Run Apache Prediction IO using docker.
Features include being able to select the template engine as long as it supports
the default setup: (clone, build, rename engine.json, train, deploy).
For custom actions please refer to Makefile
and config/pio_app.sh
- Docker
- Docker-compose (if using DockerForMac this is already included)
We need to setup some environment variables first.
-
Step 1. Copy
.env.example
to.env
. In that file adjust the parameter values according to your needs. -
Step 2. Run
make build
to build the containers and the recommendation engine.
-
Run
make app
to start the application. -
Run
make stop
to stop the application. -
Run
make clean
to stop the application and delete all data.
To submit data to the recommendation engine for your app make http request to http://localhost:7070/events.json?accessKey=M41jRfbEXGoHTxyLbn6jxpL2xnfoyxz_Psm0AMfSbzNBXOWphHO3Q1GfOUg3P6O5
where
accessKey
is the value of PIO_APP_KEY
as defined in the .env
file.
To query data and predictions make http requests to http://localhost:8000
.
You can read more about what kind of data you can send and query on https://predictionio.apache.org/templates/similarproduct/quickstart/ specifically Step 4 and on. This repository has already implemented the previous steps.
-
If you cannot access the query service at
http://localhost:8000
this probably because you have not sent any events to the events service. To be able to train a model and query for predictions you must first record some events. -
You need to send your own data, but if you want to play around with some sample data run
make sampledata
. This will run the script./data/importdata.sh
which will do a couple of HTTP requests to feed the engine. -
The first build of a template engine is very slow. For reference building the Similar-Product engine for the first time takes ~30minutes on a late 2017 macbook.
After you have inputted data, it might take about 1 minute for the http://localhost:8000 page to be accessible.
The following services are defined:
- pio_db: A Postgres database that will store the events and the model
- elasticsearch: An elasticsearch database for the model metadata
- pio_events: The events service that records all events. Access it on http://localhost:7070
- pio_app: The recommendation service that hosts the prediction engine and allows for quering predictions on port http://localhost:8000.

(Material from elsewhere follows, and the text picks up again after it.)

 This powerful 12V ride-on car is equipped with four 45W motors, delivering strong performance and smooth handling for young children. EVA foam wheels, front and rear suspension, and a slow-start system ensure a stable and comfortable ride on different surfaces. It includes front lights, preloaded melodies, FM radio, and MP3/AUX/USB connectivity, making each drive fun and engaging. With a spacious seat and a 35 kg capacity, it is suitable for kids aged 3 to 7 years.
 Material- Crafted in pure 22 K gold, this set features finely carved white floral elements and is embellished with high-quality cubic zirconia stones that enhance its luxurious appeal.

You can read docker-compose.yml
for more details.
This setup has been tested with the Similar-Product engine. You can find example of events you can send and more info in the official documentation: https://predictionio.apache.org/templates/similarproduct/quickstart/
More engines that use the same installation steps are supported.

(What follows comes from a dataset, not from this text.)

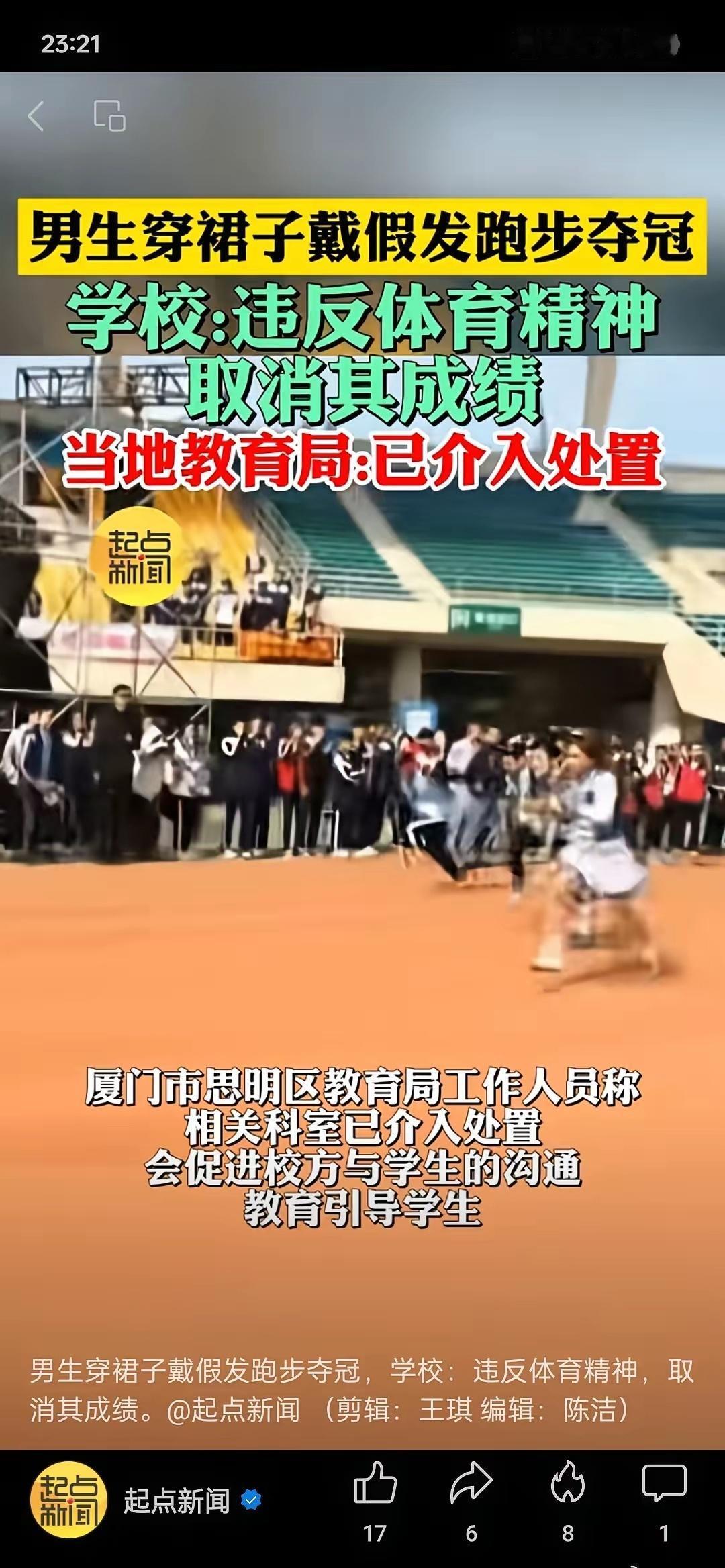 运动会获冠军被取消成绩,你怎么看? 男生穿裙戴假发跑步夺冠被取消成 绩有人说孩子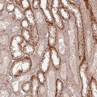- Immunohistochemical staining of human kidney with ZNF623 polyclonal antibody (Cat # PAB24322) shows distinct cytoplasmic positivity in distal tubules at 1:20-1:50 dilution.

You can do that changing the .env
file:
-
Setting
PIO_ENGINE
to the url of the template engine. You can find template engines on https://predictionio.apache.org/gallery/template-gallery/ -
Run
make engine
to build the engine. Note that you need to clean your data and installation if you already had installed a different engine before. Usemake clean
to do that.
-
Dockerfile: I used multistage builds for docker to take advantage of caching layers and to prevent rebuilding the whole image when updating version of a single vendor dependency.
-
Template engine: The template engine is been downloaded and built after the containers have started and not in the Dockerfile build process. This is to allow for different template engines to be used with the same platform, configurable from the environment variables.
-
Persistent storage: In order to minimize the time spent building the recommendation engine (it really took >30minutes on my machine)
named volumes
are used to persist the home directory. This speeds up considerably subsequent engine builds (now take ~5 seconds).